Missiological Reflections on Celtic Christianity

Whether one thinks of western culture as secular (Bruce 1996, 2002; see Stark 1999), ultramodern (Netland 2001; see Grenz 1996; Oden 2001), or postmodern (Oden 1990), it has long been thought of as post- Christian. Increasingly, western Christianity is unable to answer the questions confronting the western mind. Lesslie Newbigin (1987) asked the provocative and still relevant question, “Can the West be converted?” David Cornick suggests that the answer might be found in the Celtic Church:

We who are the heirs of pollution and the misuse of creation long for an intimate closeness with the natural world. We who are the heirs of post-Enlightenment dualism and its demeaning of the spiritual long for an integrative experience of sacred and secular…. We who are the heirs of the “cheap grace” of a Christian establishment… long for a faith which costs. We who are the heirs of ecclesiastical division and the bureaucratic structures of the modern church long for the pure air of days when Aidan tramped the Northumbrian hills gossiping the gospel. All this and more we see in the Celtic Church (1997:47)

The Celtic Christians, growing out of a cultural context of Paganism, were passionate for sharing the gospel. They provide models of acculturation and examples of contextualization, while maintaining what was believed everywhere, always and by all. They did all this without the backing of a formal religious hierarchy or state finances (Latourette 1965: 331), but with an egalitarian view of humanity (see Markus 1997: 45-55) and an environmental consciousness that what God had created was good. It was a movement of regular people who desired “Christ in the eye of all who see me, Christ in the ear of all who hear me”(Davies, trans. 1999a: 120).

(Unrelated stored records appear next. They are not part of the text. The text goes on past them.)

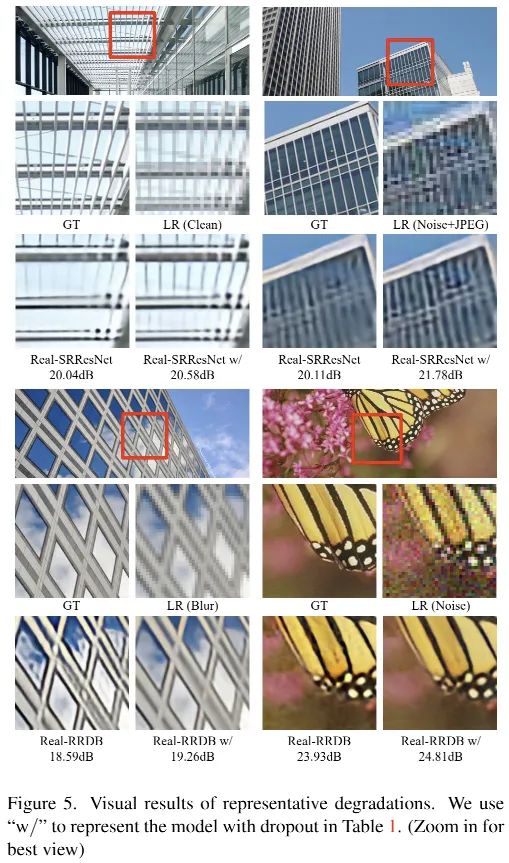 上图给出了使用dropout前后模型的可视化效果对比,可以看到:使用dropout的模型具有更好的内容重建、伪影移除以及降噪效果。总而言之,dropout可以改善多退化配置超分模型性能。
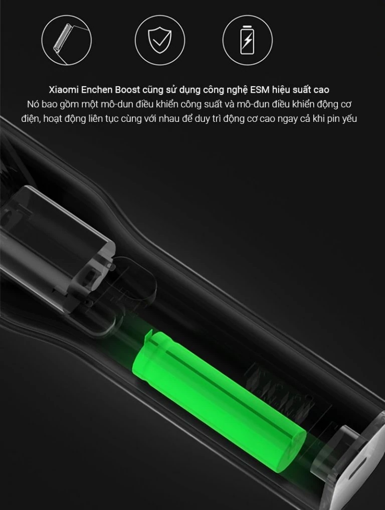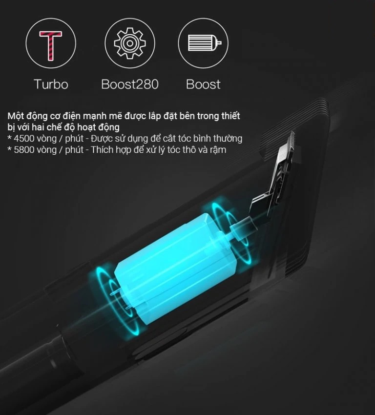 Tông đơ cắt tóc Xiaomi Enchen Boost còn được ứng dụng công nghệ chuyển đổi tần số kết hợp cùng động cơ 280 loại mạnh mẽ, hoạt động với công suất 5W. Từ đó cung cấp cho người dùng 2 chế độ chuyển đổi linh hoạt đáp ứng đầy đủ nhu cầu cho các loại tóc khác nhau. Tốc độ khởi động bình thường là 4500 vòng/phút phù hợp các loại tóc thông thường, mềm, sợi mảnh. Tốc độ “Turbo” với công suất mạnh mẽ 5800 vòng/phút giúp bạn có thể linh hoạt cắt mái tóc dày và cứng hơn.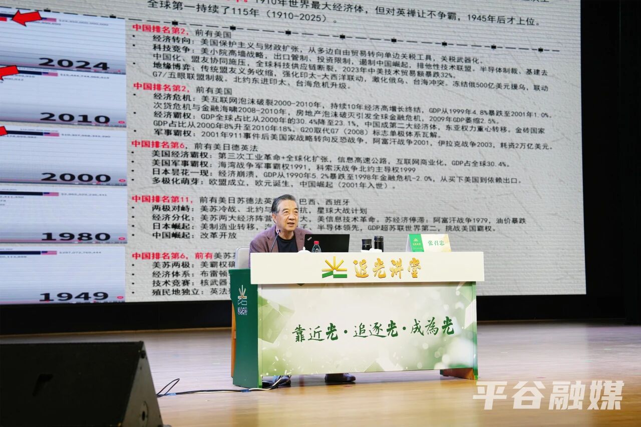在当天的讲座上,张召忠自二战后世界格局重建的历史讲起,以严谨又不失风趣的语言娓娓道来世界发展历程中的关键节点与重要事件。

The purpose of this article is to examine the missiological methods of Celtic Christianity. Upon examination application will be made to the current climate of western culture. The thesis of the article is that Celtic Christianity might provide answers to the questions on the minds of those living in a post-Christian context.

Celtic Lands and People

Much debate lies around the origin of the Celtic peoples, but it is evident that an ethnically identifiable people existed a century before their migration. The Celts migrated from central Europe at the end of the fifth century B.C. to the south, crossing the Alpine passes into the Po valley and to the east into Transdanubia and Transylvania. The histories of Polybius and Livy record that the Celts destroyed much of Rome in 390 BC. They were known to have inhabited a track of land from western Europe in Iberia to the Upper Danube. It is widely accepted that as early as the sixth century BC the Celtic language, Indo-European in nature, was spoken in Iberia, Ireland and around the Italian Lakes (Cunliffe 1997: 18-22; Jones and Pennick 1995: 79). Known as the Keltoi (Celts) to the Greeks, the Galli (Gauls) by the Romans and later as the Galatae (Galatians) to both Greek and Roman writers, they were a formidable force that settled most of central and southern Europe until their defeat by Julius Caesar (Chadwick 1971: 54-55).

As a result of their defeat they were forced to retreat to what was considered the edge of the world (modern day England, Scotland and Ireland). While Caesar made two reconnaissance missions to southern Britain, no attempt was made to occupy the area. It was not until under Claudius in 43 AD that there was a permanent Roman presence that ultimately reached southern Scotland prior to 410 AD when the Roman law was rescinded and the army pulled out due in part to the collapsing empire. Overall, according to Nora Chadwick, Roman civilization made little impact on the islands (Ibid.: 68-72).